After tuberculosis diminished after World War II, the activity of the hospital changed with injections, mass inspections and medical treatments and in 1959 the hospital was renamed the Laakso Hospital. With the introduction of the folk health law in 1972, the hospital has served at the healthcare centre hospital of the western major district in Helsinki, also providing special healthcare for the inhabitants of the entire city. Currently the Laakso Hospital has departments for inpatients as well as a day home hospital and outpatient clinics for internal organ diseases and neurology. The hospital also has an X-ray department belonging to the HUS hospital collective and a HUS-LAB laboratory.

In the 1970s and 1980s additional buildings, apartments and a daycare centre were built in the area. The Laakso healthcare station was active in a building built at this time (building number 4) until 2022 when it was dismantled to make room for a new large-scale psychiatric hospital with 900 bed places.
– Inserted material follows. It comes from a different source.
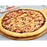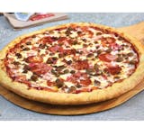 Pizza sauce with pepperoni, italian sausage, ground beef, italian salami, ham, bacon, and an extra topping of our signature cheese blend.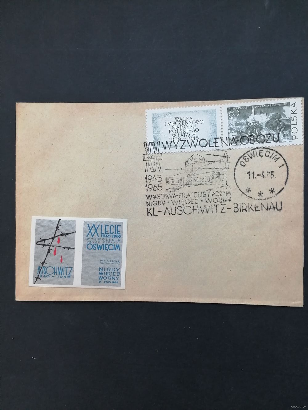 Польша 1964 Конверт с маркой из серии "Борьба и мученичество польского народа в годы фашисткой оккупации 1939-1945" (спецгашение 20-летие освобождения концентрационных лагерей) Mi.1537

===Laakso Common Hospital from 2026-===
The new Laakso Common Hospital for geriatrics and psychiatry will replace the somatic inpatient departments of the Laakso Hospital, part of the activity of the Suursuo Hospital and the psychiatric activity of the Aurora Hospital. As for HUS activity, the new common hospital will replace the Psychiatric Centre (previously known as the Hesperia Hospital) and the departments for children's psychiatric care. The first phase of the construction will be completed in 2026.

The service traffic for the new Laakso Common Hospital will be led from the street Nordenskiöldinkatu through a tunnel from the direction of the Aurora Hospital.